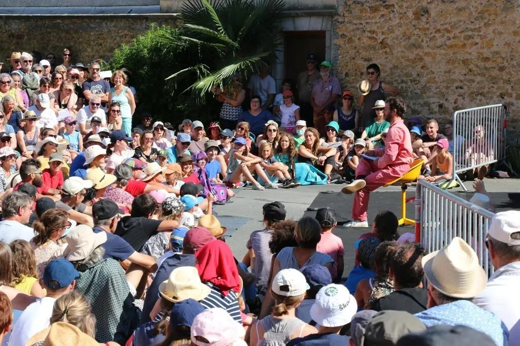 Le clown de la compagnie La Dépliante, avec son spectacle « Starsky Minute », a offert des barres de rire au public, samedi 9 juillet. Face à une importante affluence, beaucoup de spectateurs ont dû suivre le spectacle debout ou se diriger vers un autre spectacle. © Ouest-France
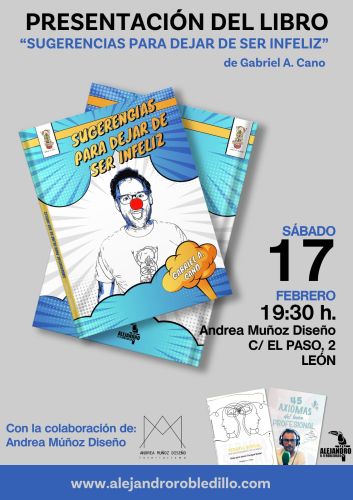Gabriel A. Cano, Trabajador Social y Antropólogo, y Administrador y Gerente de Daganal Servicios Sociales, S. L. hará la presentación pública de su libro “Sugerencias para dejar de ser infeliz” el próximo 17 de febrero de 2024 a las 19:30 h en el establecimiento_ Andrea Muñoz Diseño_, ubicado en la Calle Paso, 2 de León.
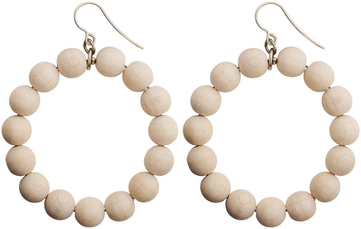Säde-korvakoruissa pienet puuhelmet on pujoteltu metallirenkaaseen. Korvakorujen mitat: pituus 6 cm, halkaisija 5 cm. Valmistettu käsityönä Suomessa.

- _Assignment_: Before copying the material, set its pictures aside; then transcribe it word for word.

- _Reply_:
 Le clown de la compagnie La Dépliante, avec son spectacle « Starsky Minute », a offert des barres de rire au public, samedi 9 juillet. Face à une importante affluence, beaucoup de spectateurs ont dû suivre le spectacle debout ou se diriger vers un autre spectacle. © Ouest-France
Gabriel A. Cano, Trabajador Social y Antropólogo, y Administrador y Gerente de Daganal Servicios Sociales, S. L. hará la presentación pública de su libro “Sugerencias para dejar de ser infeliz” el próximo 17 de febrero de 2024 a las 19:30 h en el establecimiento_ Andrea Muñoz Diseño_, ubicado en la Calle Paso, 2 de León.
Säde-korvakoruissa pienet puuhelmet on pujoteltu metallirenkaaseen. Korvakorujen mitat: pituus 6 cm, halkaisija 5 cm. Valmistettu käsityönä Suomessa.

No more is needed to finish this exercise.